Disruption: Video Art from Asia

Disruption as Rapture

Shahzia Sikander (b. 1969, Lahore, Pakistan)
2015
Single-channel video animation with sound
10 minutes, 7 seconds
Courtesy of the artist

Trained at the National College of Arts in Lahore, Pakistan, and the Rhode Island School of Design, Shahzia Sikander creates drawings, paintings, and installations based on imagery often found in intricately layered Persian and Mughal manuscript paintings. In Disruption as Rapture, she uses animation to isolate, multiply, and set in motion selected folios of an eighteenth-century Gulshan-i Ishq (Garden of Love) manuscript. The Gulshan-i Ishq, written in 1657–58 by Nusrati, court poet to Sultan Ali Adil Shah II of Bijapur, recounts a classic tale of star-crossed lovers who must face daunting challenges and painful separation before they can unite. This tale of migration, longing, and final union in a world of lush gardens and magical beings serves as an allegory for the soul’s search for the divine.


Shock of Time

Sun Xun (b. 1980, Fuxin, China)
2006
Single-channel video animation with sound
5 minutes, 29 seconds
Courtesy of the artist

Sun Xun builds his animations frame by frame through a painstaking process of drawing and erasing on surfaces that range from sheets of old newspapers to entire walls. In Shock of Time, words form the background for the machinations of the “magician,” a central figure in many of Sun’s works. Moving across and through yellowing Chinese newspapers from the 1950s and 1960s, the magician weaves his tales—or lies—about history.

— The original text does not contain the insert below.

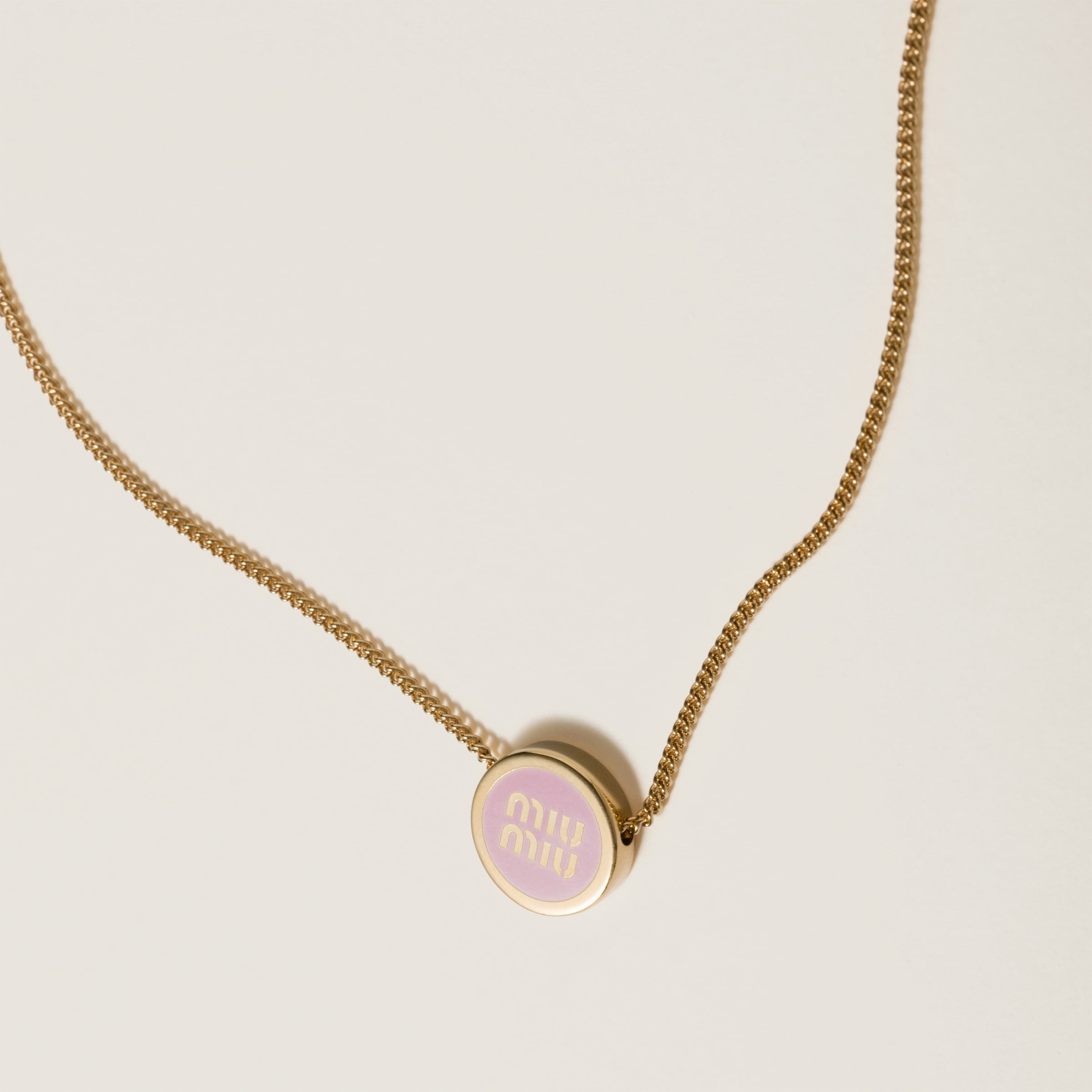 Логотип Miu Miu выделяется на изящных линиях этого металлического ожерелья благодаря своему культовому характеру.

The film’s simplicity and playfulness belie the artist’s more cynical commentary on the way events are remembered in different historical contexts.


The Fourth Stage

Ahmad Ghossein (b. 1981, Beirut, Lebanon)
2015
Single-channel video with sound
37 minutes
Courtesy of the artist

Ahmad Ghossein has a multidisciplinary practice spanning film, photography, and installation art, creating a body of work driven by personal experience. He collects facts, documents, and found footage, transforming them into work that reflects his interest in individual human experiences and shared political realities. The Fourth Stage weaves a complex and unlikely union of illusion and myth between the three worlds: cinema, magic, and the changing landscape of southern Lebanon. Within a dystopian narrative, Ghossein recalls the disappearance of a famous magician and ventriloquist from his childhood.


Superposition

Moon Kyungwon (b. 1969, Seoul, South Korea)
2009
Single-channel video with sound
13 minutes, 51 seconds
Courtesy of the artist

Educated at both the California Institute of the Arts and Yonsei University, Moon Kyungwon focuses on human interaction with natural landscapes and the residues of inhabited space. Superposition is an imaginary documentation of Kimusa, a military site in Seoul with a controversial history spanning the country’s colonial and authoritarian periods. Nearly a decade ago and after eliciting much public debate, Kimusa was transformed into a space for art and culture. Superposition explores the significance of this place and its existence through different social and political contexts.


The Island

Tuan Andrew Nguyen (b. 1976, Saigon, Vietnam)
2017
Single-channel video with sound
42 minutes
Courtesy of the artist

Tuan Andrew Nguyen’s work questions the individual’s relationship to history, trauma, nationhood, and displacement, often exploring the body as a site of resistance in public space. Featured at the 2017 Whitney Biennial, The Island was shot on the Malaysian island Pulau Bidong, which was home to the largest and longest-operating refugee camp after the Vietnam War. The island housed 250,000 people from 1978–91, including Nguyen and his family. While the island is overgrown today, residue of its past can be found in crumbling buildings and relics. The film is set in a dystopian future where the last two people on earth inhabit the island, weaving together historic footage from Pulau Bidong’s past with this imagined narrative.